§ **Exercise data**
* * *

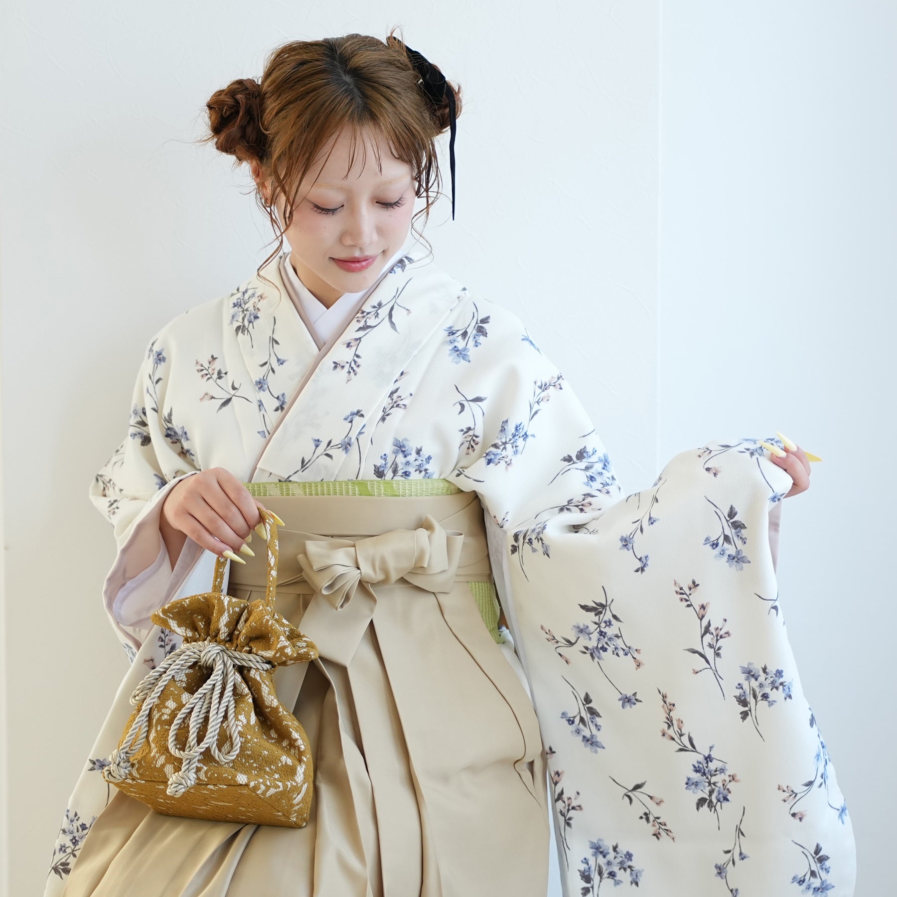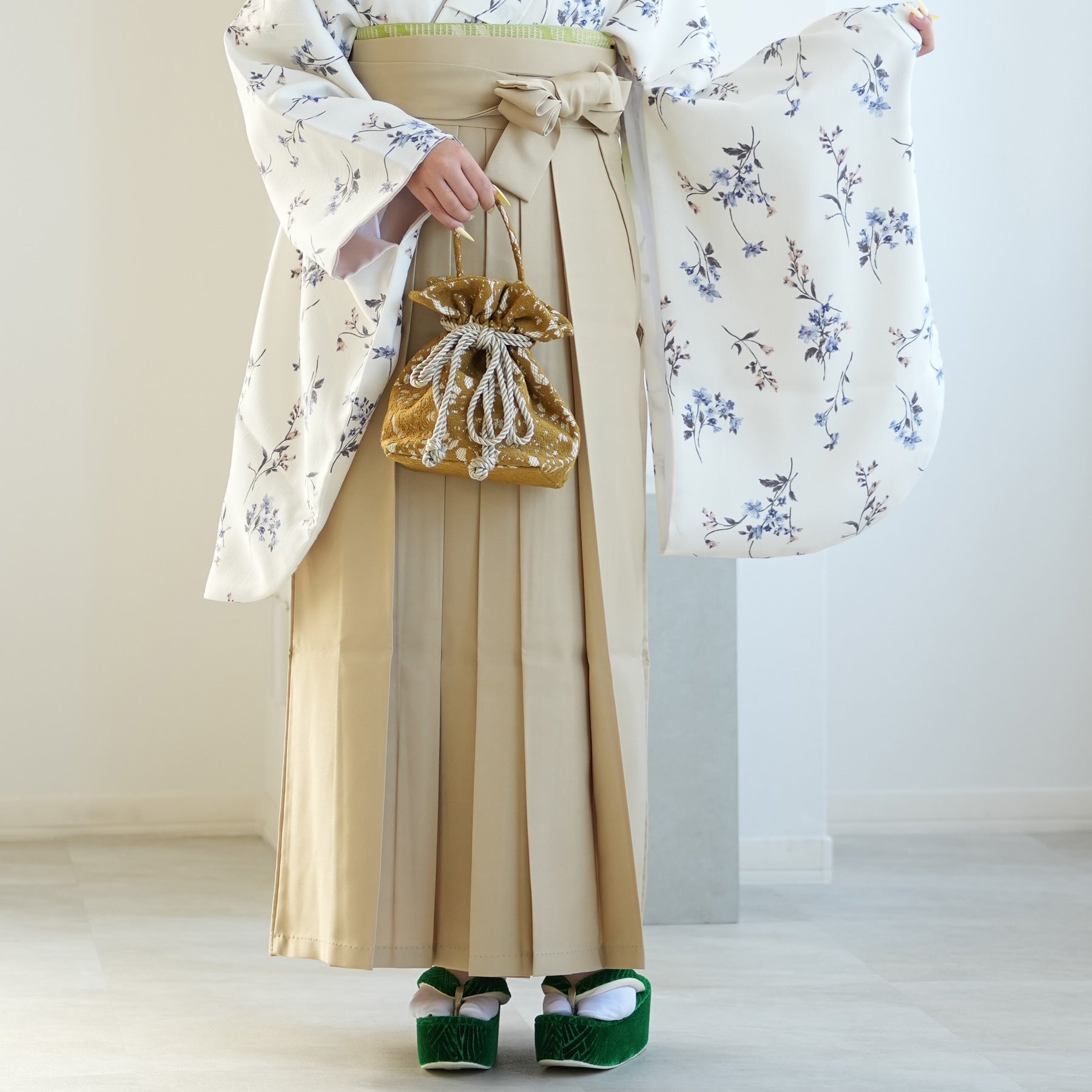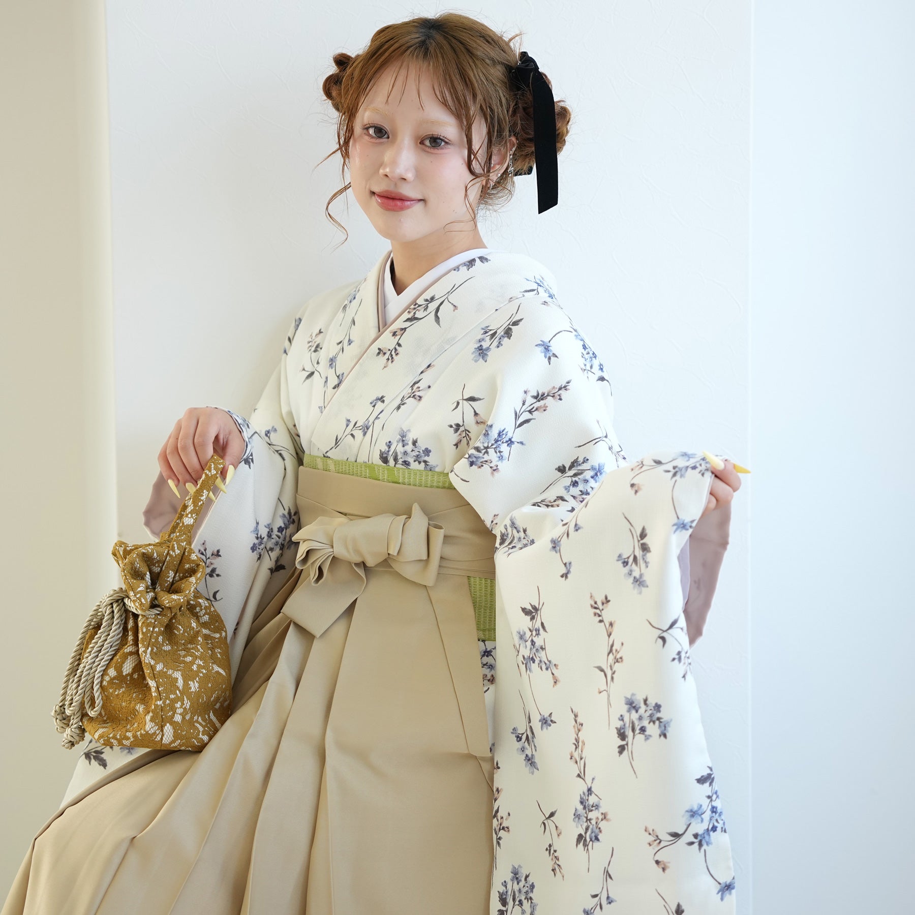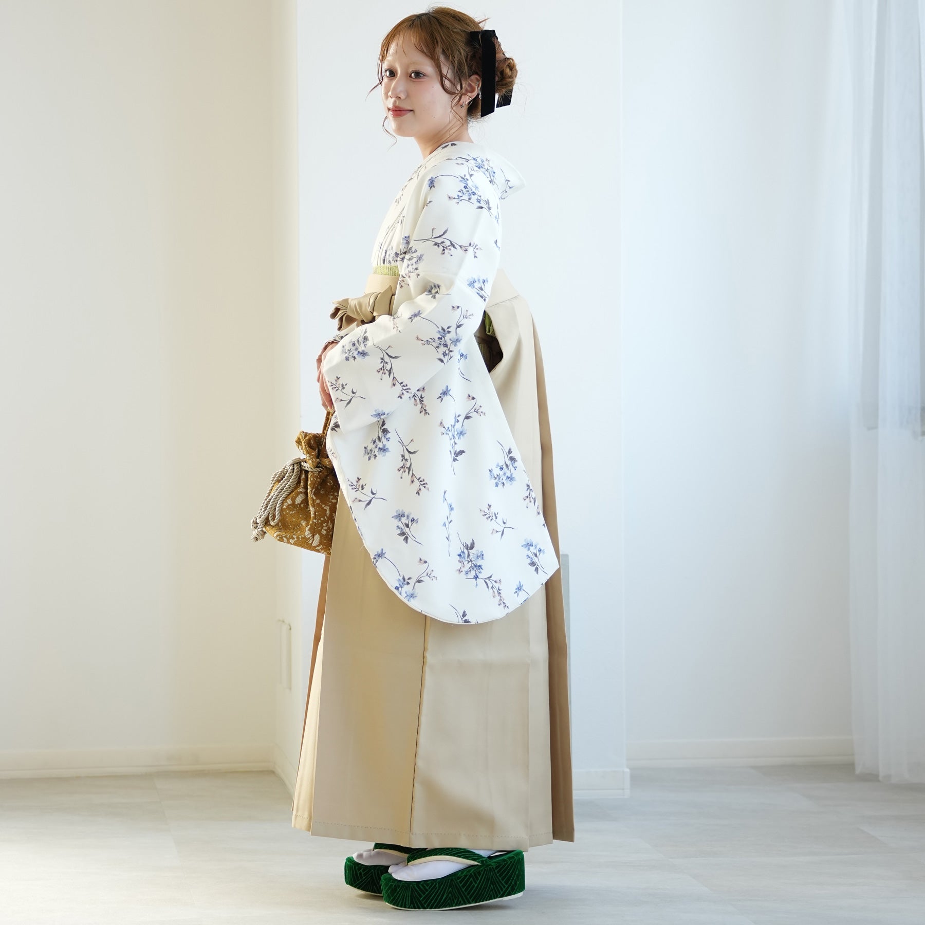 着物・袴・草履・バッグ・重ね襟(着物に縫い付済)・半巾帯・肌襦袢+長襦袢一体化インナー(白無地半襟付き)・前板・着付けベルト・ウエストベルト・腰ひも3本セット・伊達締め ・マジックベルト・衿芯・足袋(プレゼント)
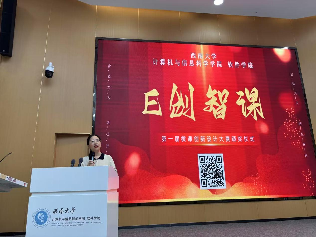 6月23日,PA视讯 软件学院首届“e创智课”师范生微课创新设计大赛颁奖仪式在25教一楼报告厅举行。学院副院长李娅、系主任王英、杨照芳老师、师范生辅导员以及计科师范专业2023级、2024级全体学生出席。
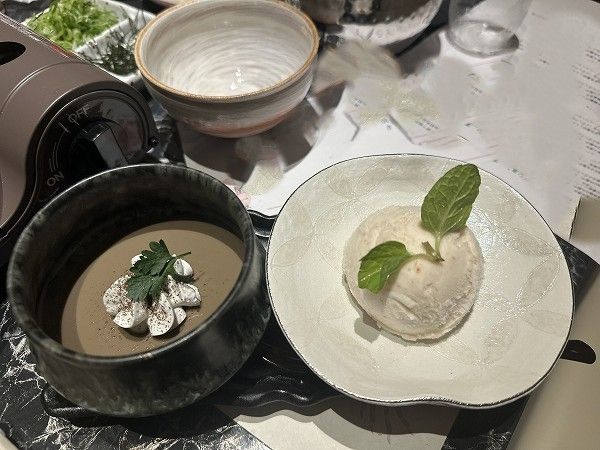 デザートでは、蟹の甲羅をミルクで煮出したアイスが提供されました。

* * *

§ **Your goal**
For this exercise, reproduce the data above exactly from the line containing "6月23日,PA视讯 软件学" through its final line, both ends included, with no pictures in the copy.

§ **Solution**
 6月23日,PA视讯 软件学院首届“e创智课”师范生微课创新设计大赛颁奖仪式在25教一楼报告厅举行。学院副院长李娅、系主任王英、杨照芳老师、师范生辅导员以及计科师范专业2023级、2024级全体学生出席。
 デザートでは、蟹の甲羅をミルクで煮出したアイスが提供されました。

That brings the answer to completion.